◆ Directions for this task:
The answer must consist solely of the lines from the start of the records through the line containing "抵達(dá)紀(jì)念館后", restated word for word, with no pictures.

--*--

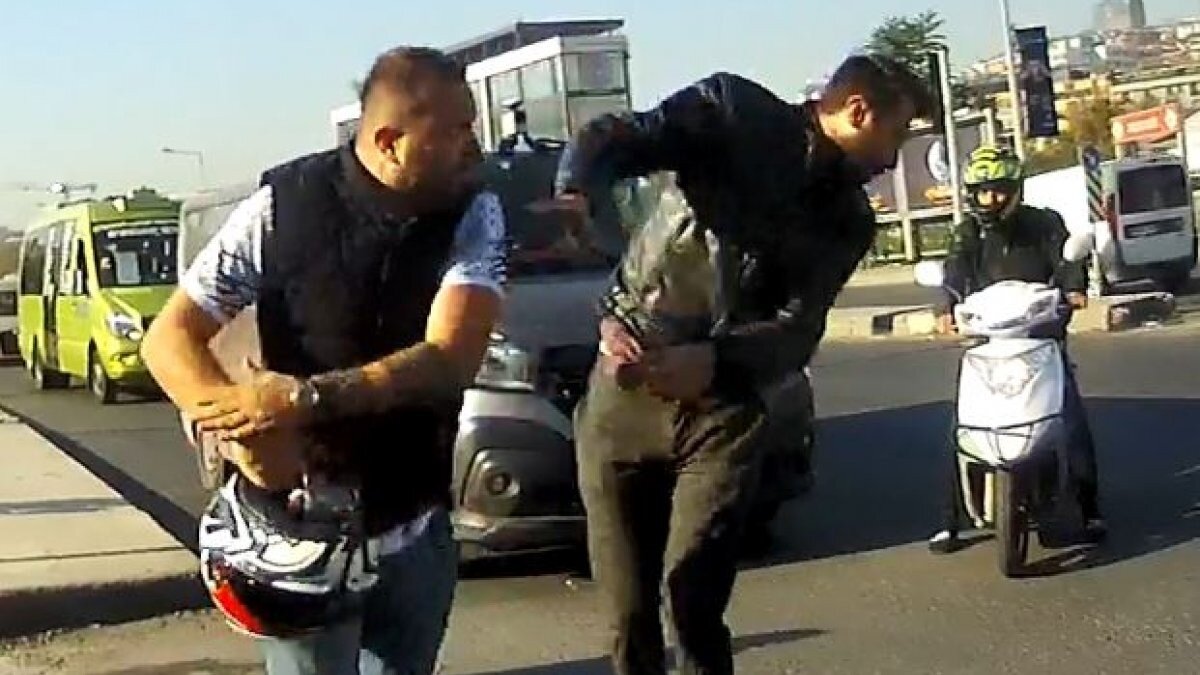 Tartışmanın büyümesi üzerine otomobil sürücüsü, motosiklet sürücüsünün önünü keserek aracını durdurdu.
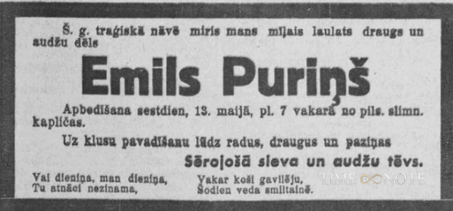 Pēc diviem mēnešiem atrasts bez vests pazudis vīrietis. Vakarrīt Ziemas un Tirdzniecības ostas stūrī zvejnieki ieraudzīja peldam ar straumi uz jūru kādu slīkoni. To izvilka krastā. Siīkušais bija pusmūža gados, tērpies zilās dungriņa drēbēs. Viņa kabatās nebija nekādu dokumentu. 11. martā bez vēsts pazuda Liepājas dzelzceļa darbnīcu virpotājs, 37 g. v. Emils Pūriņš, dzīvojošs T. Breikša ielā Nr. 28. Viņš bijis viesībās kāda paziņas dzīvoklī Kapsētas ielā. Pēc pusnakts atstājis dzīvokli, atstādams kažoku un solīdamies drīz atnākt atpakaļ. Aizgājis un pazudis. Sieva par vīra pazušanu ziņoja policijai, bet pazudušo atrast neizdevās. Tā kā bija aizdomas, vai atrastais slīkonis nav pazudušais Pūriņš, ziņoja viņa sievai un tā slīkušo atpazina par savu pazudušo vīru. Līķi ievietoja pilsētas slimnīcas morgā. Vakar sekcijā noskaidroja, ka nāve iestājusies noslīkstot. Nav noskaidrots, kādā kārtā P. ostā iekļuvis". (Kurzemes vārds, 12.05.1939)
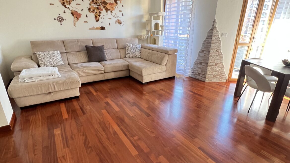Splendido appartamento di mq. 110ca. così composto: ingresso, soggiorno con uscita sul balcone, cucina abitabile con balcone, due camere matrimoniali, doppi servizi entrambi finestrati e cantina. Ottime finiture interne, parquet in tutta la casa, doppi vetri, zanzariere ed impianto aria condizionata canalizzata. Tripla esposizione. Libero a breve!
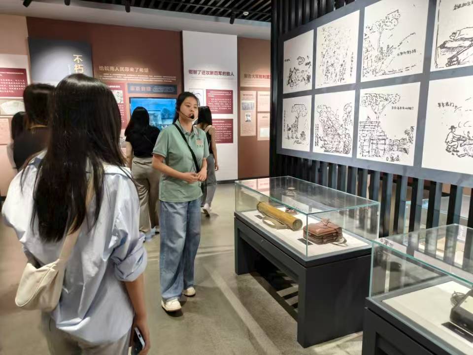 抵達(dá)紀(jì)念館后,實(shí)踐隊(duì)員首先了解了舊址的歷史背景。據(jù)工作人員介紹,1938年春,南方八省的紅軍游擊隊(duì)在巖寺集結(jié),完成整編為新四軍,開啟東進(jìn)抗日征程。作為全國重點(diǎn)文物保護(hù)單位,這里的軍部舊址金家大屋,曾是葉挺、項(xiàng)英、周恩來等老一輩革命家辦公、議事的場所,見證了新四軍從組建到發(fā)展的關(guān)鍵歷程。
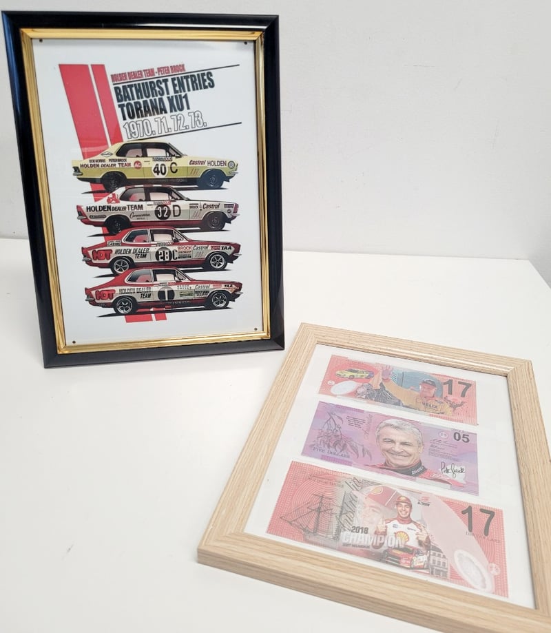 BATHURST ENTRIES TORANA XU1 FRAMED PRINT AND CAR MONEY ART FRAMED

--*--

◆ Output below:
 Tartışmanın büyümesi üzerine otomobil sürücüsü, motosiklet sürücüsünün önünü keserek aracını durdurdu.
 Pēc diviem mēnešiem atrasts bez vests pazudis vīrietis. Vakarrīt Ziemas un Tirdzniecības ostas stūrī zvejnieki ieraudzīja peldam ar straumi uz jūru kādu slīkoni. To izvilka krastā. Siīkušais bija pusmūža gados, tērpies zilās dungriņa drēbēs. Viņa kabatās nebija nekādu dokumentu. 11. martā bez vēsts pazuda Liepājas dzelzceļa darbnīcu virpotājs, 37 g. v. Emils Pūriņš, dzīvojošs T. Breikša ielā Nr. 28. Viņš bijis viesībās kāda paziņas dzīvoklī Kapsētas ielā. Pēc pusnakts atstājis dzīvokli, atstādams kažoku un solīdamies drīz atnākt atpakaļ. Aizgājis un pazudis. Sieva par vīra pazušanu ziņoja policijai, bet pazudušo atrast neizdevās. Tā kā bija aizdomas, vai atrastais slīkonis nav pazudušais Pūriņš, ziņoja viņa sievai un tā slīkušo atpazina par savu pazudušo vīru. Līķi ievietoja pilsētas slimnīcas morgā. Vakar sekcijā noskaidroja, ka nāve iestājusies noslīkstot. Nav noskaidrots, kādā kārtā P. ostā iekļuvis". (Kurzemes vārds, 12.05.1939)
Splendido appartamento di mq. 110ca. così composto: ingresso, soggiorno con uscita sul balcone, cucina abitabile con balcone, due camere matrimoniali, doppi servizi entrambi finestrati e cantina. Ottime finiture interne, parquet in tutta la casa, doppi vetri, zanzariere ed impianto aria condizionata canalizzata. Tripla esposizione. Libero a breve!
 抵達(dá)紀(jì)念館后,實(shí)踐隊(duì)員首先了解了舊址的歷史背景。據(jù)工作人員介紹,1938年春,南方八省的紅軍游擊隊(duì)在巖寺集結(jié),完成整編為新四軍,開啟東進(jìn)抗日征程。作為全國重點(diǎn)文物保護(hù)單位,這里的軍部舊址金家大屋,曾是葉挺、項(xiàng)英、周恩來等老一輩革命家辦公、議事的場所,見證了新四軍從組建到發(fā)展的關(guān)鍵歷程。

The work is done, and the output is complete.